Task statuses: `Pending` (○), `InProgress` (⚡), `Completed` (✓)

## Subagents

Spawn isolated child agents for complex subtasks:

```rust
use agent_sdk::{SubagentFactory, SubagentConfig, SubagentTool};

let factory = SubagentFactory::new(provider, subagent_tools);
let config = SubagentConfig {
    system_prompt: "You are a research assistant.".into(),
    max_turns: 10,
    ..Default::default()
};
let subagent_tool = SubagentTool::new(factory, config);
```

Subagents run in isolated threads with their own context and stream progress events back to the parent.

## MCP Support

Integrate external tools via the Model Context Protocol:

```rust
use agent_sdk::mcp::{McpClient, StdioTransport, register_mcp_tools};

// Connect to an MCP server
let transport = StdioTransport::spawn("mcp-server", &["--stdio"])?;
let client = McpClient::new(transport);

// Register all tools from the MCP server
register_mcp_tools(&mut registry, &client).await?;
```

## User Interaction

Tools for agent-initiated questions and confirmations:

```rust
use agent_sdk::user_interaction::AskUserQuestionTool;

let question_tool = AskUserQuestionTool::new(question_tx, response_rx);
```

## Persistence

The SDK provides trait-based storage for production deployments:

| Store | Purpose |
|-------|---------|
| `MessageStore` | Conversation history per thread |
| `StateStore` | Agent state checkpoints for recovery |
| `ToolExecutionStore` | Write-ahead tool execution tracking (idempotency) |

`InMemoryStore` and `InMemoryExecutionStore` are provided for testing.
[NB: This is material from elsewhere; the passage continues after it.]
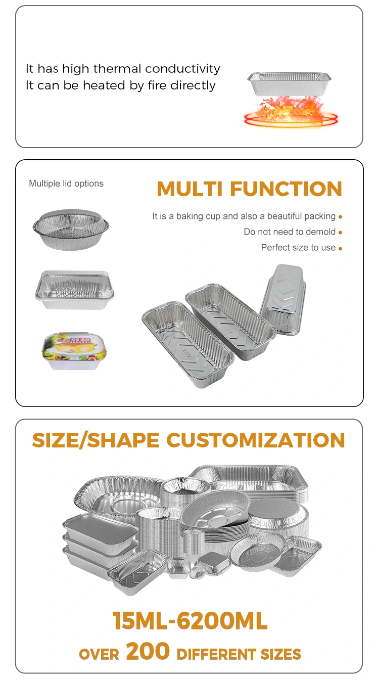 Yunchu Aluminium Foil Supplyが提供する長方形のパントレイベーキングシート銀アルミホイル容器は、高温の開いた炎に直面しても安定したままで、珍味が損傷しないことを保証する長期にわたる耐性のあるデザインを特徴としています。さらに、当社の容器は、食物が固執するのを防ぎながらスープが流出するのを効果的に防ぐために、盛り上がったセクションで慎重に設計されており、あらゆる一口を簡単に楽しむことができます。コンテナの洗練されたエッジは、使用中の削減のリスクを回避するために、美的に心地よく機能的であるように設計されています。内向きの折りたたみエッジのデザインはさらに親密であり、使用の安全性を確保しながら火傷を防ぎます。長方形のパントレイベーキングパンシルバーアルミホイル容器は、食品の安全基準を満たし、食品と直接接触することができます。さらに、当社の製品は使い捨てで、洗浄の問題を節約し、アルミホイルボックスもリサイクルしてグリーン消費を達成することができます。 Yunchu Aluminum Foilは、すべての生産プロセスを厳密に監視し、すべての製品が国の安全基準を満たすことを保証します。アルミニウム食品包装材料の国家安全証明書、ドイツのERP認定、EU SGS認定、ISO9001認定など、多くの国際認定を取得しました。

For production, implement the traits with your database (Postgres, Redis, etc.):

```rust
use agent_sdk::{MessageStore, StateStore, ToolExecutionStore, InMemoryStore, InMemoryExecutionStore};

// Use in-memory stores for development
let message_store = InMemoryStore::new();
let state_store = InMemoryStore::new();
let exec_store = InMemoryExecutionStore::new();

let agent = builder::<()>()
    .provider(provider)
    .message_store(message_store)
    .state_store(state_store)
    .execution_store(exec_store)
    .build();
```

The `ToolExecutionStore` enables crash recovery by recording tool calls before execution, ensuring idempotency on retry.

## Security Considerations

- **`#[forbid(unsafe_code)]`** - No unsafe Rust anywhere in the codebase
- **Capability-based permissions** - Control read/write/exec access via `AgentCapabilities`
- **Tool tiers** - Classify tools by risk level; use hooks to require confirmation
- **Sandboxing** - Use `InMemoryFileSystem` for testing without real file access

See [SECURITY.md](SECURITY.md) for the full security policy.

## Contributing

Contributions are welcome! Please read [CONTRIBUTING.md](CONTRIBUTING.md) for:

- Development setup
- Code quality requirements
- Pull request process

## License

Licensed under the Apache License, Version 2.0. See [LICENSE](LICENSE) for details.